使用Log4j在日志中输出Spark应用程序ID [英] Output Spark application id in the logs with Log4j
问题描述
我有一个用于Spark应用程序的自定义Log4j文件.我想输出Spark应用程序ID以及其他属性(例如消息和日期),以便JSON字符串结构如下所示:
I have a custom Log4j file for the Spark application. I would like to output Spark app id along with other attributes like message and date so the JSON string structure would look like this:
{"name":,"time":,"date":,"level":,"thread":,"message":,"app_id":}
现在,此结构如下所示:
Now, this structure looks like this:
{"name":,"time":,"date":,"level":,"thread":,"message":}
如何为Spark驱动程序日志定义这种布局?
How can I define such layout for the Spark driver logs?
我的log4j文件如下:
My log4j file looks like this:
<?xml version="1.0" encoding="UTF-8" ?>
<!DOCTYPE log4j:configuration SYSTEM "log4j.dtd">
<log4j:configuration xmlns:log4j='http://jakarta.apache.org/log4j/'>
<appender name="Json" class="org.apache.log4j.ConsoleAppender">
<layout class="org.apache.hadoop.log.Log4Json">
<param name="ConversionLayout" value=""/>
</layout>
</appender>
<root>
<level value="INFO"/>
<appender-ref ref="Json"/>
</root>
</log4j:configuration>
推荐答案
我怀疑是否可以为此目的调整org.apache.hadoop.log.Log4Json
.根据其javadoc和源代码,它可能很麻烦.
I doubt that org.apache.hadoop.log.Log4Json
can be adjusted for this purpose. According to its javadoc and source code it might be rather cumbersome.

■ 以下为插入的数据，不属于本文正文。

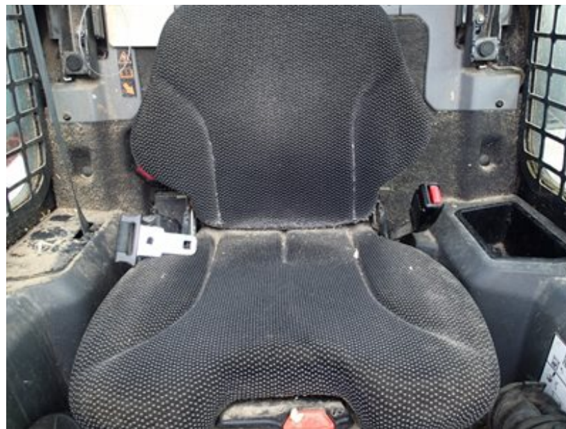
Seating / Interior
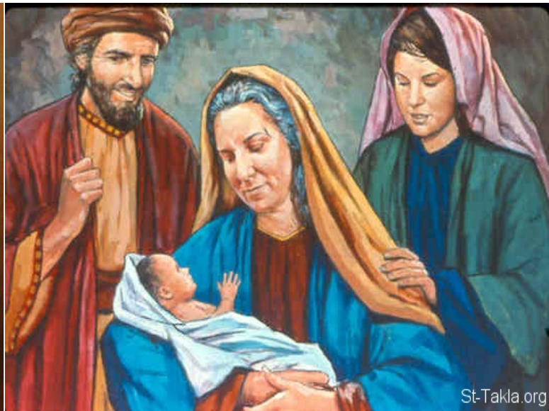
Ruth Cares for Naomi, Boaz Cares for Ruth, Ruth 1-4

Ask, and it shall be given you; seek, and ye shall find; knock, and it shall be opened unto you: Matthew 7 : 7
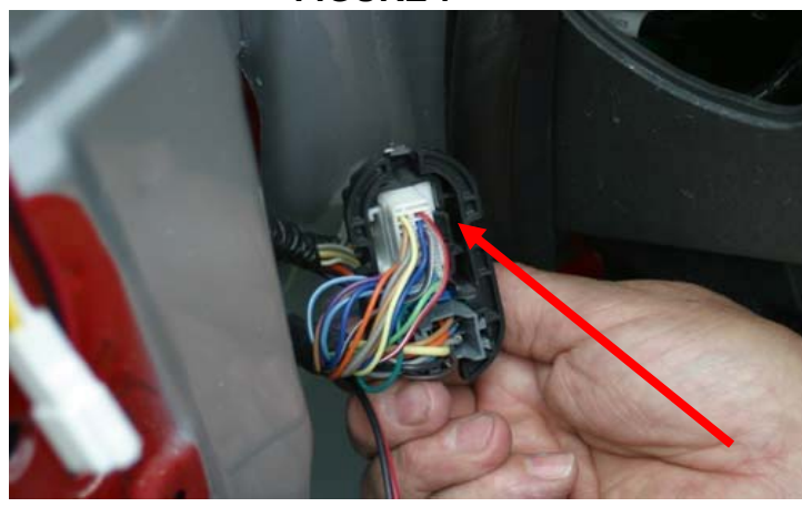
FIGURE 7 FIGURE 8
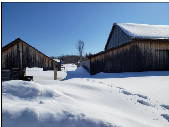
Tom's picture of last winter at the COTP
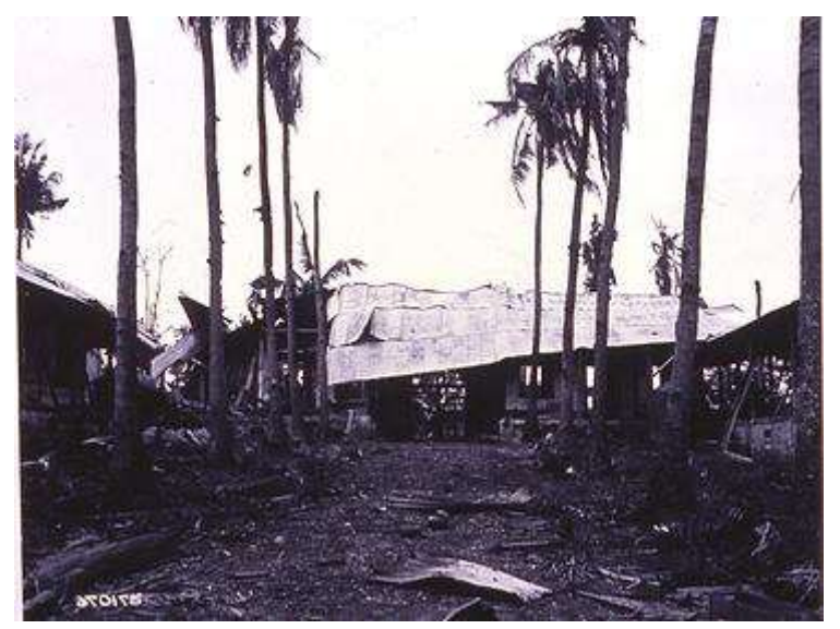
The coconut trees in the camp where prisoners were tied and tortured

forced to stand at attention while a guard beat them unconscious, after which the prisoners were revived to undergo further beatings. A Japanese private named Nishitani punished two Americans, who were caught taking green papayas from a tree in the compound, by breaking their left arms with an iron bar.
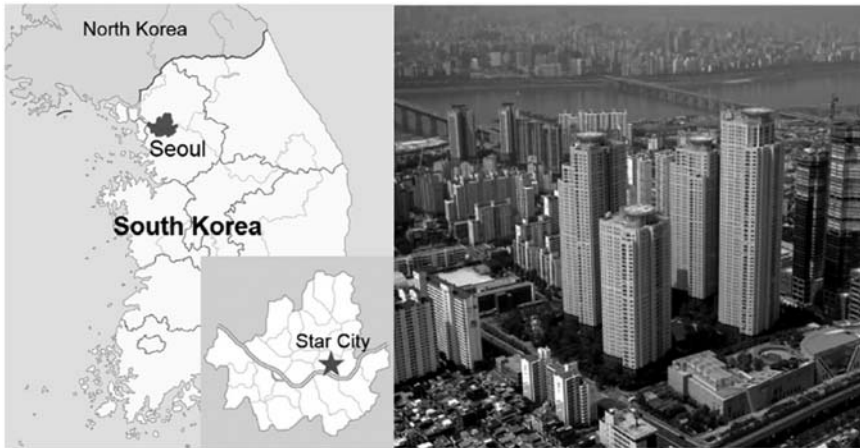
Figure 13.1 Location of star city in Korea. (Source: Author's own).

Han and Nguyen (2018) emphasized that the special features of Star City RWMS are: (1) the concept of multi-purpose system; (2) the proactive management of flooding; and (3) the city government incentive program.
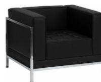
SORRENTO CHAIR BLACK
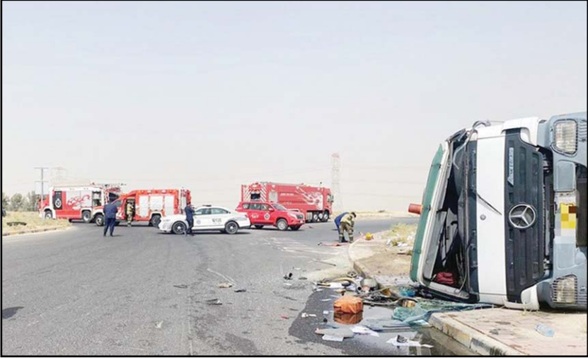
The Public Relations and Media Department of the Directorate-General of Fire Department (DGFD) said acting on information firemen rushed to the suburb of Sabah Al-Ahmad recently and closed one of the roads after a fuel tanker overturned and inflammable material started leaking from the tank, reports Al-Anba daily.
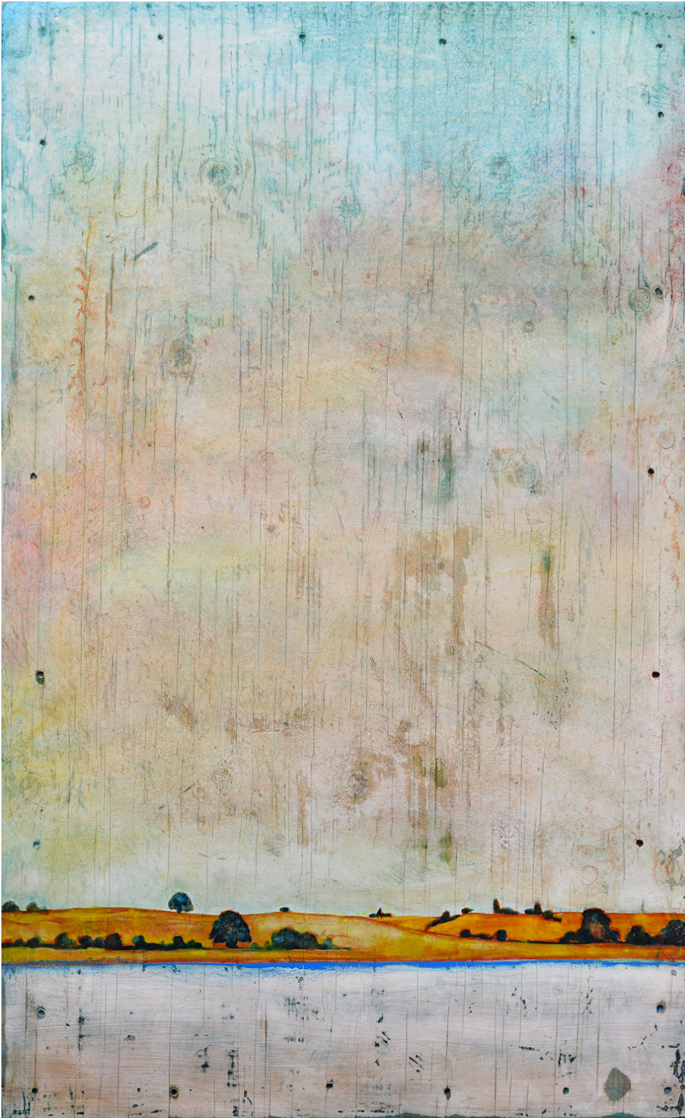
Golden Fields of the North Lands, 2020

尽管看起来您正在使用Log4j 1x,但它的API非常灵活,我们可以通过扩展org.apache.log4j.Layout
轻松定义自己的布局.
Although it looks like you are using Log4j 1x, its API is quite flexible and we can easily define our own layout by extending org.apache.log4j.Layout
.
我们需要根据目标结构将其转换为JSON的case类:
We'll need a case class that will be transformed into JSON according to the target structure:
case class LoggedMessage(name: String,
appId: String,
thread: String,
time: Long,
level: String,
message: String)
和Layout
可以扩展如下.要访问"app_id"的值,我们将使用Log4j的映射诊断上下文"
And Layout
might be extended as follows. To access the value of "app_id", we'll use Log4j's Mapped Diagnostic Context
import org.apache.log4j.Layout
import org.apache.log4j.spi.LoggingEvent
import org.json4s.DefaultFormats
import org.json4s.native.Serialization.write
class JsonLoggingLayout extends Layout {
// required by the API
override def ignoresThrowable(): Boolean = false
// required by the API
override def activateOptions(): Unit = { /* nothing */ }
override def format(event: LoggingEvent): String = {
// we are using json4s for JSON serialization
implicit val formats = DefaultFormats
// retrieve app_id from Mapped Diagnostic Context
val appId = event.getMDC("app_id") match {
case null => "[no_app]" // logged messages outside our app
case defined: AnyRef => defined.toString
}
val message = LoggedMessage("TODO",
appId,
Thread.currentThread().getName,
event.getTimeStamp,
event.getLevel.toString,
event.getMessage.toString)
write(message) + "\n"
}
}
最后,当创建Spark会话时,我们将app_id值放入MDC:
Finally, when the Spark session is created, we put the app_id value into MDC:
import org.apache.log4j.{Logger, MDC}
// create Spark session
MDC.put("app_id", session.sparkContext.applicationId)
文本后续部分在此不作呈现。